» DIRECTIONS
Using the data that follows, output only the lines from the line with "Nach einem Gang" up to and including the line with "ปีที่ 1 คุ้มครอง", exactly, leaving pictures aside.

» DATA RECORDS
------

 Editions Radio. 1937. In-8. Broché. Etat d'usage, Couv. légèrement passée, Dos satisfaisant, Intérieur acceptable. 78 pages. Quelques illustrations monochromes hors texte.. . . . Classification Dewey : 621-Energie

------

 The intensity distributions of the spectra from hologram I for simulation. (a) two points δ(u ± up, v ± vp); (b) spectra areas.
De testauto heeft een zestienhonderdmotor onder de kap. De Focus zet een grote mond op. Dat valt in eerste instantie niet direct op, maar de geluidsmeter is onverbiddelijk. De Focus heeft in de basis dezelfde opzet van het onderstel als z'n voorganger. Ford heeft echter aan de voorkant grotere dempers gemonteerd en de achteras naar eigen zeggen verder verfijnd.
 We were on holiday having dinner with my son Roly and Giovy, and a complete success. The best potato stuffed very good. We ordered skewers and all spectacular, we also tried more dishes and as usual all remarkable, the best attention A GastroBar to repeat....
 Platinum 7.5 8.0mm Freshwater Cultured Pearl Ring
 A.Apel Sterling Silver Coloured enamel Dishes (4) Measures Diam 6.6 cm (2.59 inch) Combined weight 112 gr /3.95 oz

------

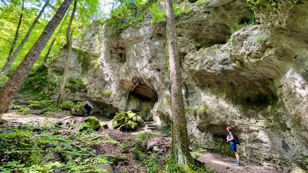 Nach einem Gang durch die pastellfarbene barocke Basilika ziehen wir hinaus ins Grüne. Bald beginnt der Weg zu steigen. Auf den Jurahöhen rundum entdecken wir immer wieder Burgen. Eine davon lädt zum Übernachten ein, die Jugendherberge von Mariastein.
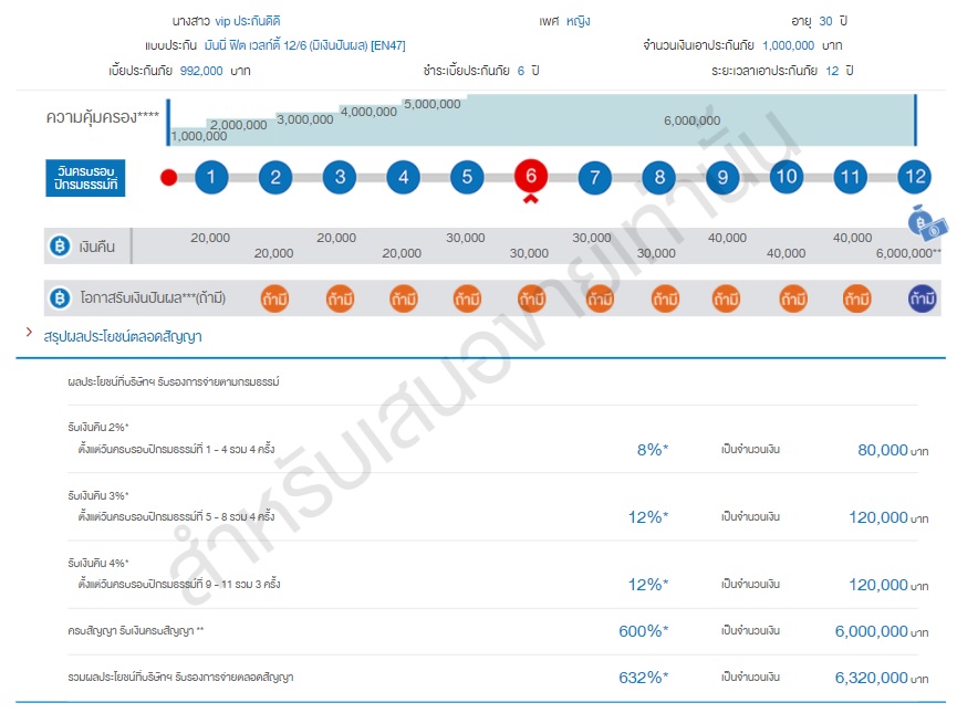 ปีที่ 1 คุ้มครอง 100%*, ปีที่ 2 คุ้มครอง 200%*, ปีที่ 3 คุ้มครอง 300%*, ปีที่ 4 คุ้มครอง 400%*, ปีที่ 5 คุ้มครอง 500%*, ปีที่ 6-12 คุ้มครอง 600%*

------

» SOLUTION FOR THIS EXERCISE
 Nach einem Gang durch die pastellfarbene barocke Basilika ziehen wir hinaus ins Grüne. Bald beginnt der Weg zu steigen. Auf den Jurahöhen rundum entdecken wir immer wieder Burgen. Eine davon lädt zum Übernachten ein, die Jugendherberge von Mariastein.
 ปีที่ 1 คุ้มครอง 100%*, ปีที่ 2 คุ้มครอง 200%*, ปีที่ 3 คุ้มครอง 300%*, ปีที่ 4 คุ้มครอง 400%*, ปีที่ 5 คุ้มครอง 500%*, ปีที่ 6-12 คุ้มครอง 600%*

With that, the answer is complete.